男は、パクサルムではマウントと呼ばれている。
マウントは太っているために常に眠そうに見える目で端末の画面を確認して、すぐにそれをジーンズのポケットに突っ込む。
薄汚れたベッドの上で、マウントは片手にストロークのビスケットの袋を掴んでいる。少しでもマウントが身動きするたびに、ぎしぎしとベッドの貧弱の骨組みが泣き叫ぶ。

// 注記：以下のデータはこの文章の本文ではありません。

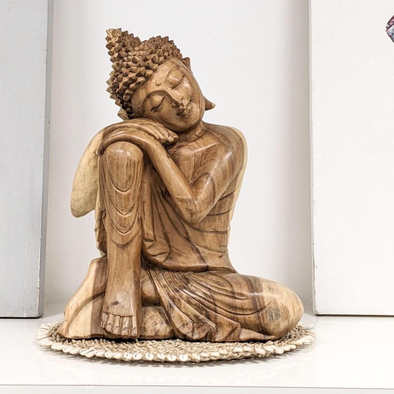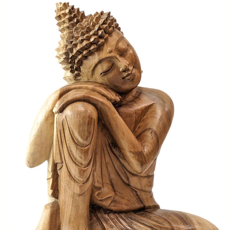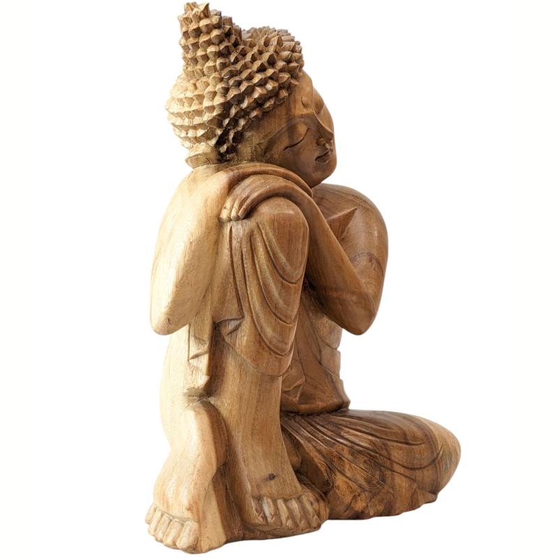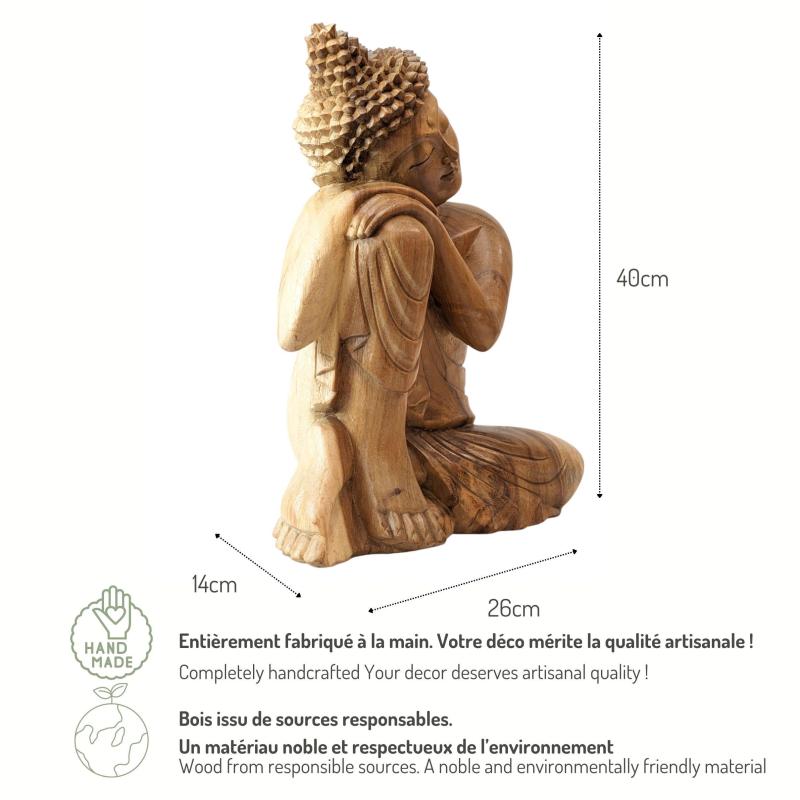 Statue de Bouddha assis 40cm - Bois massif brut sculpté main.
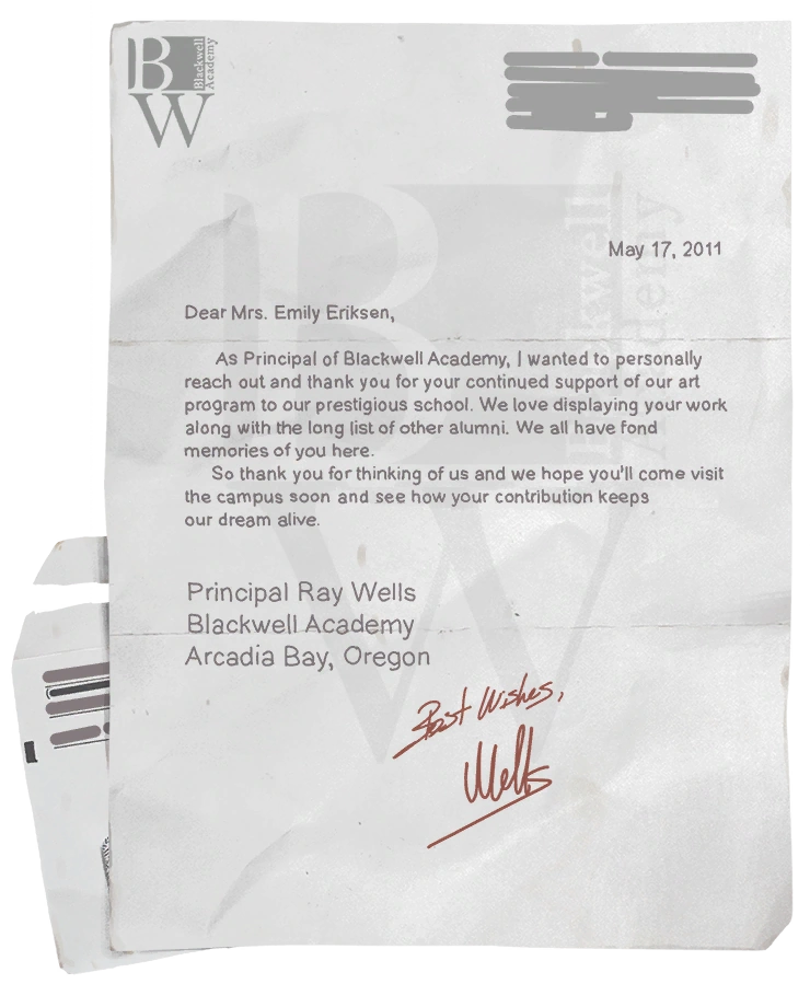 - A letter from Principal Wells shows that Chris Eriksen's mother went to Blackwell Academy.

場所以外は、この種のミッションはいつも一緒だ。このタイプのミッションばかり参加しているマウントには見ずともルールまで把握できる。
許可武装レベルは3以下。
参加人数は十数名程度。最後の三名になるまで、互いに争って勝ち残ればいい。先頭不能かギブアップで敗北。ギブアップした者への攻撃は犯罪行為。
そんなところだ。
太い指でビスケットを摘み上げ、口に放り込む。
ミッションクリアで200ポイント。ミッションの報酬としては最低レベルだが、命の危険が少なく、コンスタントにこのポイントが稼げるとすれば悪くない。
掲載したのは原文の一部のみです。